Rozdział Drugi

86 8 0
                                    

Elena zaparkowała samochód na parkingu tuż obok Hot Springs, wcześniej wysławszy Bonnie, aby uiściła opłatę u stróża. Wydało jej się to nieco starodawne, w tych czasach wszyscy już korzystali z parkomatów. Bonnie czekała na Elenę przed parkingiem.

- Ale niespodzianka! Ten pan był naprawdę miły. Mówił, że o tej porze roku prawie nikt tu nie przyjeżdża. Fakt, jest trochę zimno, ale... Eleno?

Elena spoglądała na stojące w oddali postacie, starając się wypatrzeć wśród nich Stefano. Na dźwięk swojego imienia drgnęła.

- Wybacz, Bonnie. - Zwróciła się do przyjaciółki.

Jedna z osób zaczęła biec w ich stronę, za jej przykładem ruszyła następna. Elena i Bonnie także zaczęły iść. Po krótkiej chwili wszyscy spotkali się na środku. Matt uśmiechnął się wesoło.

- A gdzie Stefano? - Zapytał, zanim zdążyła zrobić to Elena.

- Miał tutaj być. - Oznajmiła z niepokojem.

Meredith wyciągnęła z kieszeni komórkę.

- Zaraz to wyjaśnimy.

Cała czwórka ucichła, słychać było tylko głuchy dźwięk telefonu. Kiedy Elena straciła nadzieję, że odbierze, rozległ się głos.

- Halo?

- Stefano? - Powiedziała natychmiast dziewczyna, wyrywając telefon z dłoni brunetki.

- Elena. - Mogła usłyszeć westchnienie po drugiej stronie słuchawki.

- Wszystko w porządku? Gdzie jesteś?

- Spóźnię się. Miałem dzwonić.

- Czekamy na ciebie. Gdzie jesteś? - Ponowiła pytanie.

- W drodze.

- Pytałam... - Zaczęła, ale rozmówca jej przerwał.

- Za niedługo do was dołączę. Kocham cię.

Połączenie zostało przerwane. Elena jeszcze przez chwilę trzymała aparat przy uchu.

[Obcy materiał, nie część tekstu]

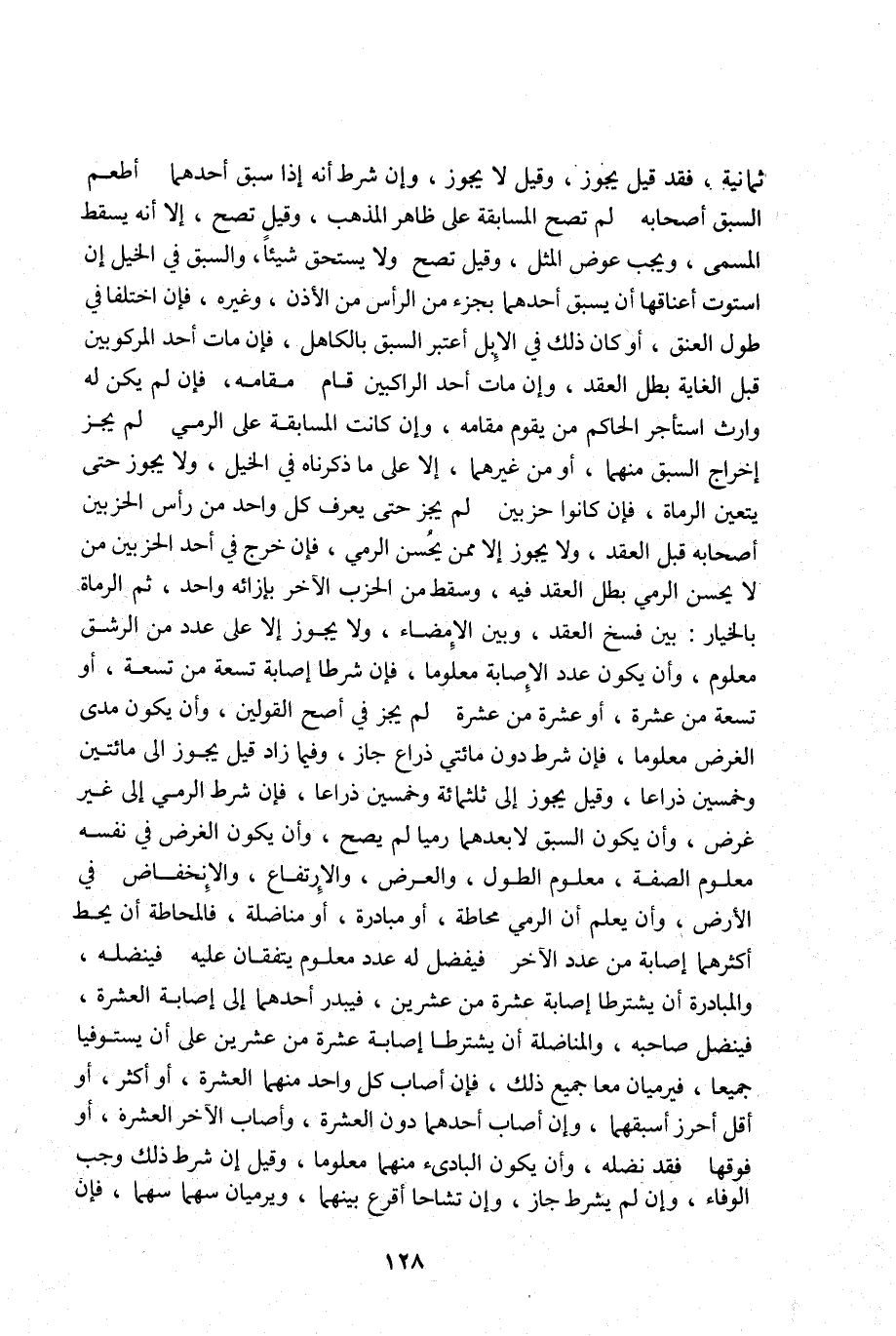 ثمانية فقد قيل يجوز, وقيل لا يجوز وان شرط أنه اذا سبق أحدهما أطعم السبق أصحابه لم تصح المسابقة على ظاهر المذهب وقيل تصح الا أنه يسقط المسمى, ويجب عوض المثل وقيل تصح ولا يستحق شيئا والسبق في الخيل ان استوت أعناقها أن يسبق أحدهما بجزء من الرأس من الأذن وغيره, فإن اختلفا في طول العنق أو كان ذلك في الابل أعتبر السبق بالكاهل فان مات أحد المركوبين قبل الغاية بطل العقد, وان مات أحد الراكبين قام مقامه فان لم يكن له وارث استأجر الحاكم من يقوم مقامه, وان كانت المسابقة على الرمي لم يجز اخراج السبق منهما أو من غيرهما الا على ما ذكرناه في الخيل, ولا يجوز حتى يتعين الرماه فإن كانوا حزبين لم يجز حتى يعرف كل واحد من رأس الحزبين أصحابه قبل العقد, ولا يجوز الا ممن يحسن الرمي فإن خرج في أحد الحزبين من لا يحسن الرمي بطل العقد فيه وسقط من الحزب الآخر بإزائه واحد ثم الرماة بالخيار: بين فسخ العقد وبين الامضاء ولا يجوز الا على الرشق معلوم وأن يكون عدد الإصابة معلوما فإن شرطا اصابة تسعة من تسعة أتسعة من عشرة أو عشرة من عشرة لم يجز في أصح القولين وأن يكون مدى الغرض معلوما فإن شرط دون مائتي ذراع جاز وفيما زاد قيل يجوز الا مائتين وخمسين ذراعا وقيل يجوز الى ثلثمائة وخمسين ذراعا فإن شرط الرمي الى غير غرض وأن يكون السبق لابعادهما رميا لم يصح وأن يكون الغرض في نفسه معلوم الصفة معلوم الطول والعرض والارتفاع والانخفاض في الأرض وأن يعلم أن الرمي محاطة أو مبادرة أو مناضلة فالمحاطة أن يحط أكثرهما اصابة من عدد الآخر فيفضل له عدد معلوم فيتفقان عليه فينضله والمبادرة أن يشترطا اصابة عشرة من عشرين فيبدر أحدهما الى اصابة العشرة فينضل صاحبه والمناضلة أن يشترطا اصابة عشرة من عشرين على أن يستوفيا جميعا فيرميان معا جميع ذلك فان أصاب كل واحد منهما العشرة أو أكثر أو أقل أحرز أسبقهما وان أصاب أحدهما دون العشرة وأصاب الآخر العشرة أو فوقها فقد نضله وأن يكون الباديء منهما معلوما وقيل ان شرط ذلك وجب الوفاء وان لم يشرط جاز وان تشاحا أقرع بينهما ويرميان سهما سهما فإن

- Skończyłaś? - Zapytała Meredith, wyciągając dłoń po telefon.

Elena podała jej przedmiot.

- Spóźni się. - Powiedziała, po czym wskazała głową bramę do parku. - Nie ma co tu stać.

Meredith i Bonnie wymieniły zaniepokojone spojrzenia.
________________

Drogi pamiętniku,

Ostatnio czuję się bardzo zagubiona.
Nie wiem jak mogę to wyjaśnić. Wiodę teraz normalne życie, jakby przed poznaniem Stefano.
Dosłownie. Z trudem mogę przypomnieć sobie, kiedy ostatnio zrobiliśmy coś we dwoje.
Boję się, że Stefano się przede mną zamyka, a nie chcę tego.

- Stefano, Stefano, Stefano... Cóż takiego ma w sobie mój brat? - Zapytał sam siebie Damon, wertując stronnice pamiętnika Eleny. Uznał, że później powie jej, iż powinna znaleźć lepszą kryjówkę.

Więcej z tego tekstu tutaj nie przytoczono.